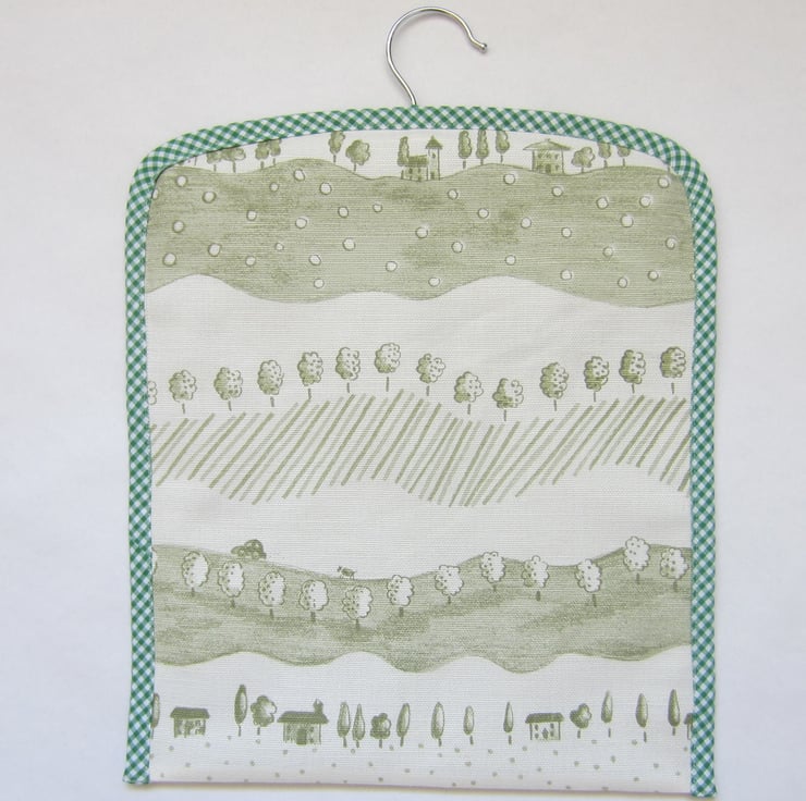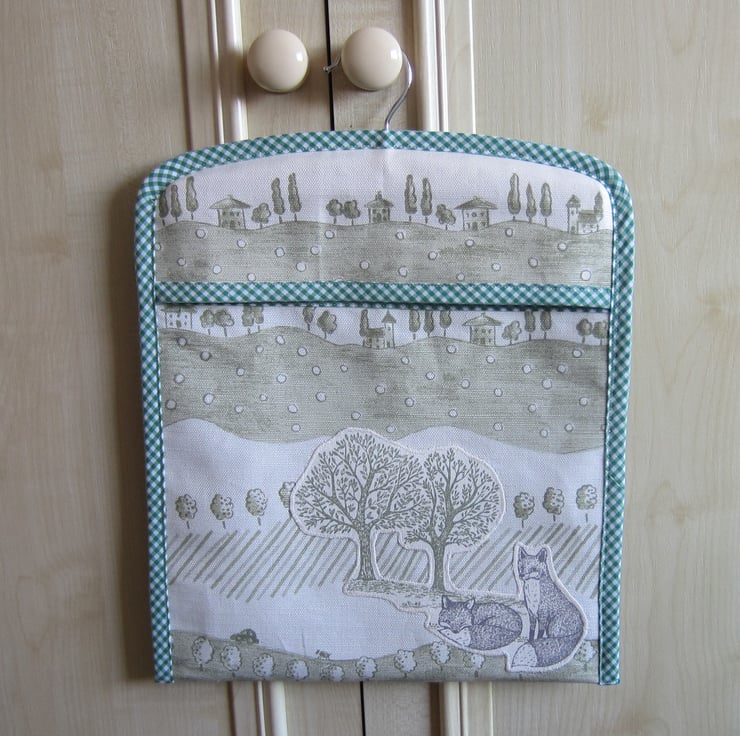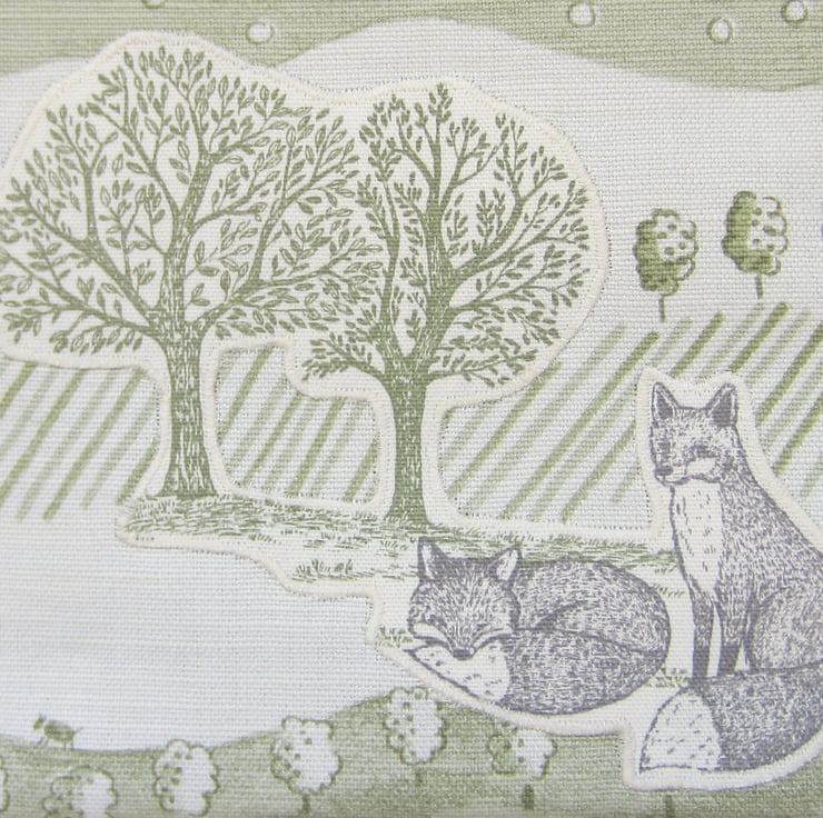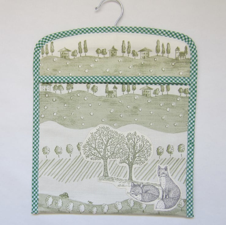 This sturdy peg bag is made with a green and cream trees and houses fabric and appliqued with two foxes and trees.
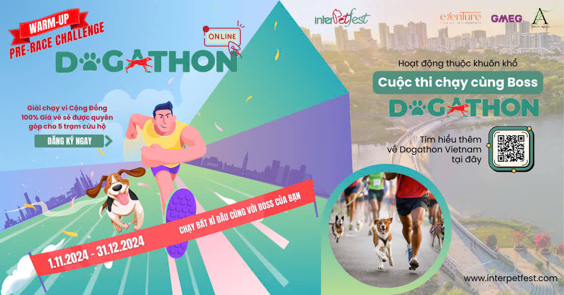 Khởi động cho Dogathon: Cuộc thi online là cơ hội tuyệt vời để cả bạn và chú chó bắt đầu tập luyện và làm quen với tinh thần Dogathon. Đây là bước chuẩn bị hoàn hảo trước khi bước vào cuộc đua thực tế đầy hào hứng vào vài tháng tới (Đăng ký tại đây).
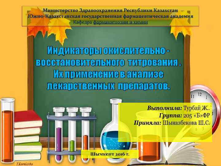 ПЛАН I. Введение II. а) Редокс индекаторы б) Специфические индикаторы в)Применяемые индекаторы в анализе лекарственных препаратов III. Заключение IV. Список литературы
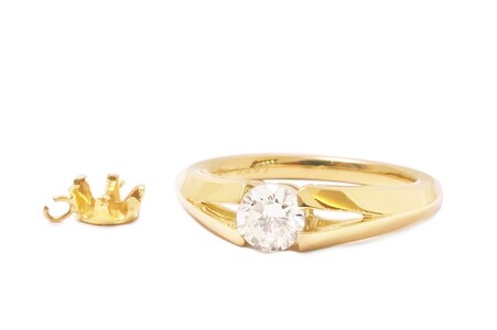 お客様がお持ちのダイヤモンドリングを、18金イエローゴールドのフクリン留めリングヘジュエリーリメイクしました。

────

## Task prompt
Output the line containing "Khởi động cho" along with every line after it to the end of the material, exactly as written, but without pictures.

## Result of the exercise
 Khởi động cho Dogathon: Cuộc thi online là cơ hội tuyệt vời để cả bạn và chú chó bắt đầu tập luyện và làm quen với tinh thần Dogathon. Đây là bước chuẩn bị hoàn hảo trước khi bước vào cuộc đua thực tế đầy hào hứng vào vài tháng tới (Đăng ký tại đây).
 ПЛАН I. Введение II. а) Редокс индекаторы б) Специфические индикаторы в)Применяемые индекаторы в анализе лекарственных препаратов III. Заключение IV. Список литературы
 お客様がお持ちのダイヤモンドリングを、18金イエローゴールドのフクリン留めリングヘジュエリーリメイクしました。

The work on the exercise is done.